What the task asks |
In the entries below, find the line containing "图3:三类重费米子材料、两类" and the line containing "手2的18 V和競爭對手1的23 V相比較,安森美半導體的器件將正脈衝鉗位在14". Copy those two lines and everything between them exactly, without the pictures.
#### Supplied records ####
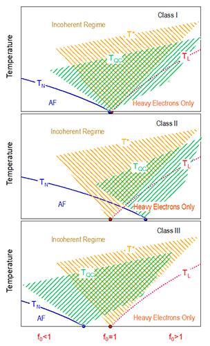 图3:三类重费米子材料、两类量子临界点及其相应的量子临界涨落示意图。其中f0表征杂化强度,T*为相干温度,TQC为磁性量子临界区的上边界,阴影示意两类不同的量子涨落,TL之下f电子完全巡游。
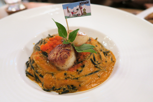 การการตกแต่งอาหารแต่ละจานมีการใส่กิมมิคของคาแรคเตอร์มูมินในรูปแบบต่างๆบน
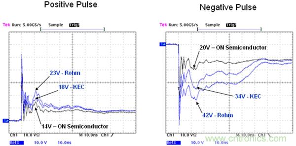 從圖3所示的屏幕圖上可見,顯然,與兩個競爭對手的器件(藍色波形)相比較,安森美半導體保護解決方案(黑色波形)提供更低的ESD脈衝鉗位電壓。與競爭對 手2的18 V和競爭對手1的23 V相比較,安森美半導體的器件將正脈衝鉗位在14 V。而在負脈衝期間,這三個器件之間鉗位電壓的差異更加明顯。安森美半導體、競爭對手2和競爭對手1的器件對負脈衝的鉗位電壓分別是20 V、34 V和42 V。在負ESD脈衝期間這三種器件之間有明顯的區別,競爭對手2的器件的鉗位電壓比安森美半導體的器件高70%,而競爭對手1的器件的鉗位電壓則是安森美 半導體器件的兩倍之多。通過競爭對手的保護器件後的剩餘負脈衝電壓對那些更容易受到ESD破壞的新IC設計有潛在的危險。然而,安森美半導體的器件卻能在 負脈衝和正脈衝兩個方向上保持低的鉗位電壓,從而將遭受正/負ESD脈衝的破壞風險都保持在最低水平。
####
#### Supplied records ####
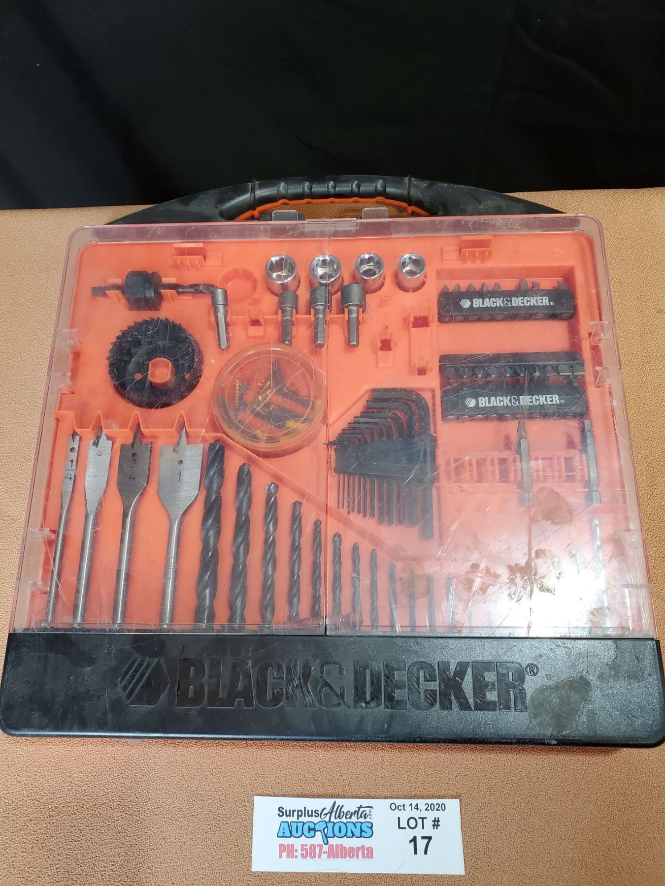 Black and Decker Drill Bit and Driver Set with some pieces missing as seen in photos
####
#### Supplied records ####
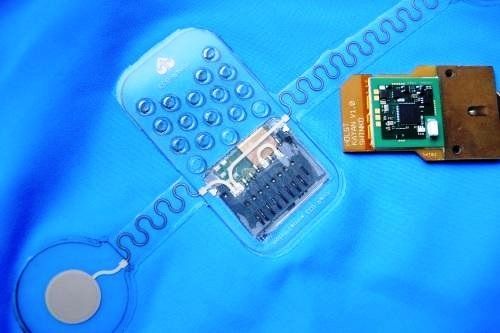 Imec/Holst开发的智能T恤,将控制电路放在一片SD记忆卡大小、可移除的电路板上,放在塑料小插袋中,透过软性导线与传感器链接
####
Result |
 图3:三类重费米子材料、两类量子临界点及其相应的量子临界涨落示意图。其中f0表征杂化强度,T*为相干温度,TQC为磁性量子临界区的上边界,阴影示意两类不同的量子涨落,TL之下f电子完全巡游。
 การการตกแต่งอาหารแต่ละจานมีการใส่กิมมิคของคาแรคเตอร์มูมินในรูปแบบต่างๆบน
 從圖3所示的屏幕圖上可見,顯然,與兩個競爭對手的器件(藍色波形)相比較,安森美半導體保護解決方案(黑色波形)提供更低的ESD脈衝鉗位電壓。與競爭對 手2的18 V和競爭對手1的23 V相比較,安森美半導體的器件將正脈衝鉗位在14 V。而在負脈衝期間,這三個器件之間鉗位電壓的差異更加明顯。安森美半導體、競爭對手2和競爭對手1的器件對負脈衝的鉗位電壓分別是20 V、34 V和42 V。在負ESD脈衝期間這三種器件之間有明顯的區別,競爭對手2的器件的鉗位電壓比安森美半導體的器件高70%,而競爭對手1的器件的鉗位電壓則是安森美 半導體器件的兩倍之多。通過競爭對手的保護器件後的剩餘負脈衝電壓對那些更容易受到ESD破壞的新IC設計有潛在的危險。然而,安森美半導體的器件卻能在 負脈衝和正脈衝兩個方向上保持低的鉗位電壓,從而將遭受正/負ESD脈衝的破壞風險都保持在最低水平。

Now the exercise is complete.